Mitchell, in the late 1930s, was waxing nostalgic about a time 50 years earlier, when men got together — only men, sometimes by the hundreds — donned aprons and chef hats, and consumed pounds and pounds of meat with their bare hands. There were no utensils and no napkins. And given the gallons of beer that washed down the feast, the events, called beefsteaks, became raucous.

Gregory ran across Mitchell’s article about 10 years ago and was inspired. The native Richmonder was living in Chicago and wanted to re-create every detail of the event that Mitchell so lovingly reported.

“I wanted girls to come,” Gregory says, “but I wanted to stay true to the story.” That meant this incarnation of the beefsteak would be a stag event for the 21st century.

The night before the first Chicago Beefsteak, the event’s planned venue, Charlie’s Ale House, unexpectedly closed. Gregory scrambled to relocate and reschedule. Along with cofounders Anthony Ewing and Nate Johnson, Gregory rounded up meat, chefs and liquor.

Ultimately, the paper-covered tables at the Belden-Stratford, a former hotel, were lined with men in dressed in suits, aprons and hats. They left a little worse for the wear, stained with grease and hoarse from cheering each course.

“Big trays are brought out with strip loin on top of day-old bread,” says Gregory. “It’s survival of the fittest.”

The Chicago Beefsteak is still a regular event, despite that Gregory and his wife, Cornelia — who created the brand for the event and regularly collaborates with her husband — moved to Richmond.

As an underwriting manager for fine art and museums at the Markel Corp., it occurred to Gregory while he was attending the big international art fair, Miami’s Art Basel, that a Richmond event could make for an ideal benefit for the Institute for Contemporary Art at Virginia Commonwealth University.

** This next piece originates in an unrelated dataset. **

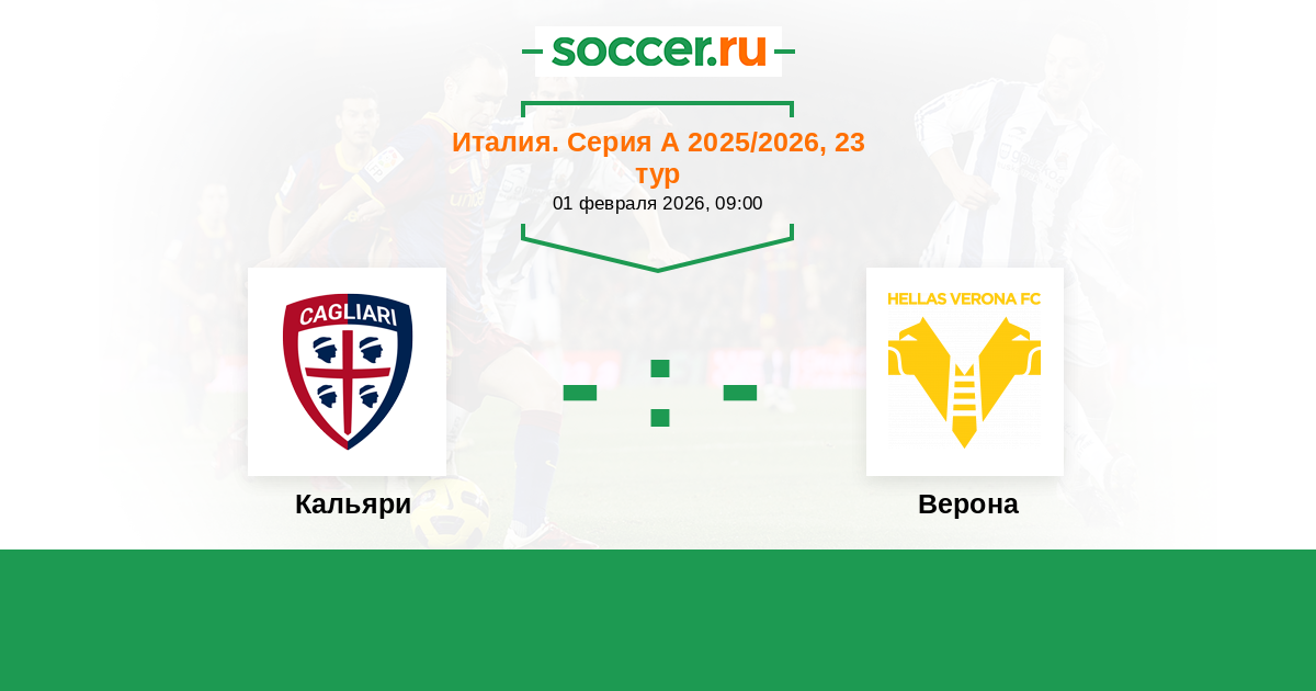Италия. Серия А 30.11.2021 Верона Логотип футбольный клуб Верона 0:0 Логотип футбольный клуб Кальяри Кальяри
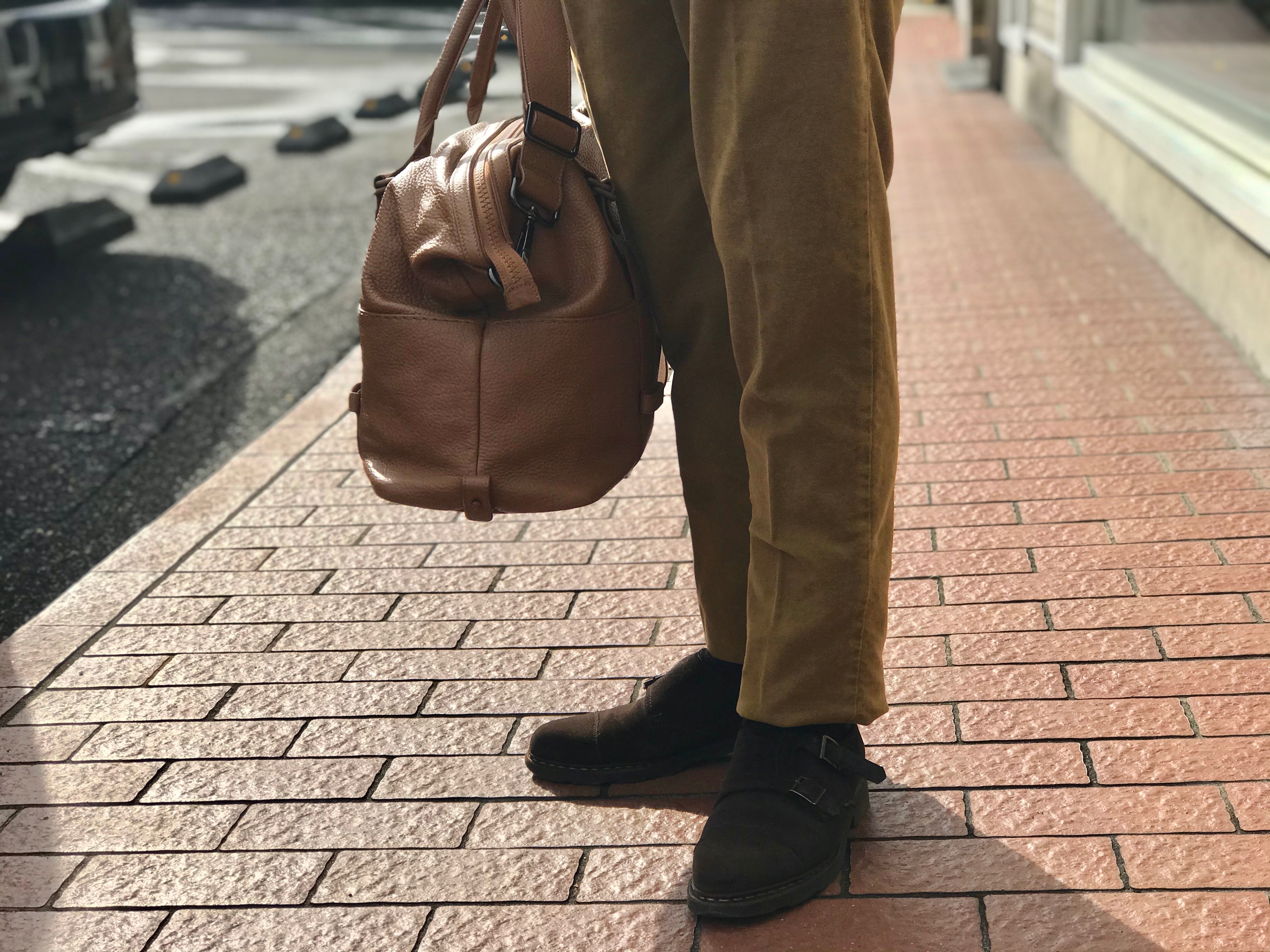 バッグとシューズも同色系で、ZANELLATOのバッグは明るい色でアクセントにし、濃色で全体を引き締めるのは、本日ちょうど履いていたParabootのスエードシューズ。

He found enthusiastic partners in Saison’s Adam Hall and the Center of the Universe Brewing Co. And the Tuckahoe Women’s Club became its unlikely venue.

There’s a key difference to the Richmond event: Women are welcome to attend. And, because Carol Anne Baker Lajoie, director of development for the institute, is vegetarian, there will be a nonmeat option. One. Just one.

“People need to note that it’s a meat-focused event,” Gregory says.

With lamb, mini burgers, strip loin and Wagyu beef — for dessert, of course — it’s a meal where pacing is important. Suits for men, and business or cocktail attire for women, are mandatory — formality is part of the adventure.

While piles of uneaten bread stack the table — a way to convey meat, not a part of the meal — vacuum-sealed steaks will be raffled off between courses. And because you can’t reserve seats, you’re going to make friends with strangers during the evening.

Ultimately, Gregory wants to put on the event for the institute annually, he says: “I love the juxtaposition of this primal experience with the delicate idea of contemporary art.”

The Richmond Beefsteak will be held at 6:30 p.m. Saturday, April 22. Tickets cost $135. Tuckahoe Woman’s Club, 4215 Dover Road. therichmondbeefsteak.com.